Justin Swift

No. 89, 88
- Position: Tight end

Personal information
- Born: August 14, 1975 (age 50) Kansas City, Kansas, U.S.
- Listed height: 6 ft 3 in (1.91 m)
- Listed weight: 265 lb (120 kg)

Career information
- High school: Blue Valley (Stilwell, Kansas)
- College: Kansas State (1994–1998)
- NFL draft: 1999: 7th round, 238th overall pick

Career history
- Denver Broncos (1999)*; Philadelphia Eagles (1999); Denver Broncos (1999)*; San Francisco 49ers (1999–2002); → Frankfurt Galaxy (2000); Houston Texans (2003)*; Atlanta Falcons (2004)*; Detroit Lions (2005)*;
- * Offseason or practice squad member only
- Stats at Pro Football Reference

= Justin Swift =

American football player (born 1975)

Justin Charles Swift (born August 14, 1975) is an American former professional football tight end who played four seasons in the National Football League (NFL) with the San Francisco 49ers and Philadelphia Eagles. He was selected by the Denver Broncos in the seventh round of the 1999 NFL draft after playing college football at Kansas State University. Swift also played for the Frankfurt Galaxy of NFL Europe.

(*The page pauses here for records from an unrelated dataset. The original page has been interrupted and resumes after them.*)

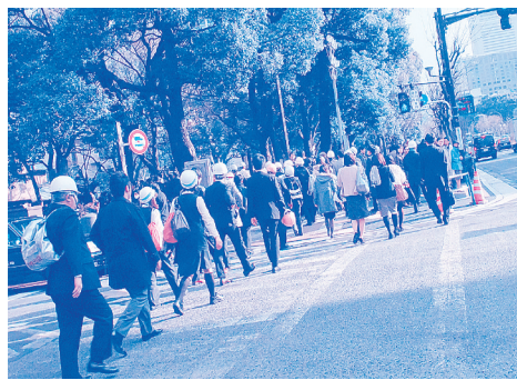
ビルから避難してきた人たち

高層マンションでは、エレベーターが止まりましたが、高層マンション防災対策は区民参加で抜本的に強化すべきです。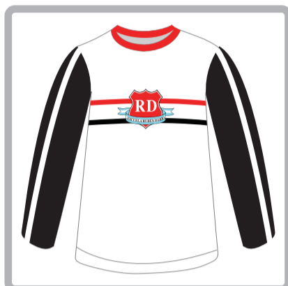
Camiseta manga larga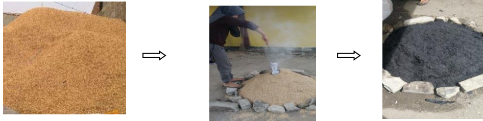
Gambar 1 alur pembuatan biochar metode gasifikasi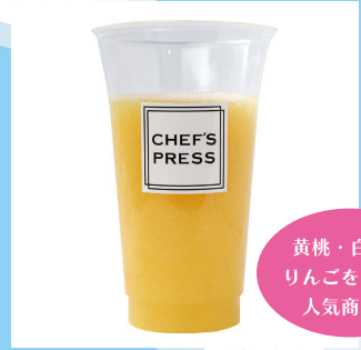
【B3】<シェフズプレス> もも&りんごジュース 501円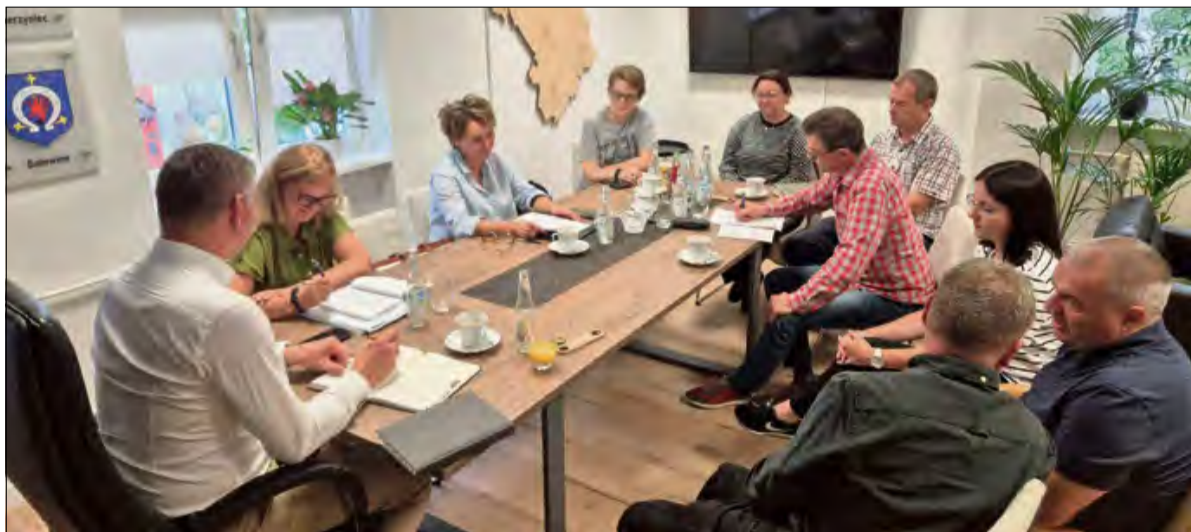
Rada ekologiczna omówiła kilka bardzo ważnych tematów.

Z a nami kolejne posiedzenie Rady ds. Ekologii w Urzędzie Miejskim w Gogolinie. W centrum dyskusji znalazły się kluczowe kwestie dotyczące gospodarki odpadami, walki z inwazyjnymi gatunkami roślin oraz edukacji młodego pokolenia.

==Early life and college==
Justin Charles Swift was born on August 14, 1975, in Kansas City, Kansas. He attended Blue Valley High School in Stilwell, Kansas.

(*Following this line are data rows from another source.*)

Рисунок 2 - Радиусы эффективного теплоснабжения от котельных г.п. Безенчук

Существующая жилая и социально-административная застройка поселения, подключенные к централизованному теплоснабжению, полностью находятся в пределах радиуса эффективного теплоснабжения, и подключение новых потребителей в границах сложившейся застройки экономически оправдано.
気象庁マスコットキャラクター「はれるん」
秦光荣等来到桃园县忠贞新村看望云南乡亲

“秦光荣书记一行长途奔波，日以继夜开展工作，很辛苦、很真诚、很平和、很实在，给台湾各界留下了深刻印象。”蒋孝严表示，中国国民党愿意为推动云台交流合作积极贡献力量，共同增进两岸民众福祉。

Swift played college football for the Kansas State Wildcats of Kansas State University. He was redshirted in 1994 and was a four-year letterman from 1995 to 1998. He caught one pass for 25 yards in 1995, five passes for 63 yards in 1996, 13 passes for 267 yards and three touchdowns in 1997, and 23 passes for 342 yards and three touchdowns in 1998.

==Professional career==
Swift was selected by the Denver Broncos in the seventh round, with the 238th overall pick, of the 1999 NFL draft. He officially signed with the team on July 20. He was released on August 27, 1999.

Swift signed with the Philadelphia Eagles on September 14, 1999, and played in one game for the team before being released on September 28, 1999.

He was signed to the Broncos' practice squad on October 19, 1999, and was released on November 2, 1999.

Swift was signed to the San Francisco 49ers' practice squad on November 15, 1999. He became a free agent after the season and re-signed with the 49ers. He was allocated to NFL Europe in 2000 to play for the Frankfurt Galaxy. He played in all ten games for the Galaxy during the 2000 NFL Europe season, catching 27	passes for 260 yards and two touchdowns. He appeared in all 16 games, starting one, for the 49ers during the 2000 NFL season, catching one pass for eight yards on three targets. Swift played in all 16 games for the second consecutive season, starting two, in 2001, recording 11 receptions for 66 yards and one touchdown on 11 targets. He also made two solo tackles. He appeared in one playoff game that year as well. Swift became a free agent after the 2001 season and re-signed with the 49ers on March 17, 2002. He played in all 16 games for the third straight year, starting four, in 2002, totaling 10 receptions for 63 yards on 15 targets, and one solo tackle. He also played in two playoff games that year and became a free agent after the season.

Swift signed with the Houston Texans on June 2, 2003. He was released on August 31, 2003.

He was signed by the Atlanta Falcons on June 30, 2004, but was later released on September 6, 2004.

Swift signed with the Detroit Lions on August 9, 2005, and was released shortly afterward on August 30, 2005.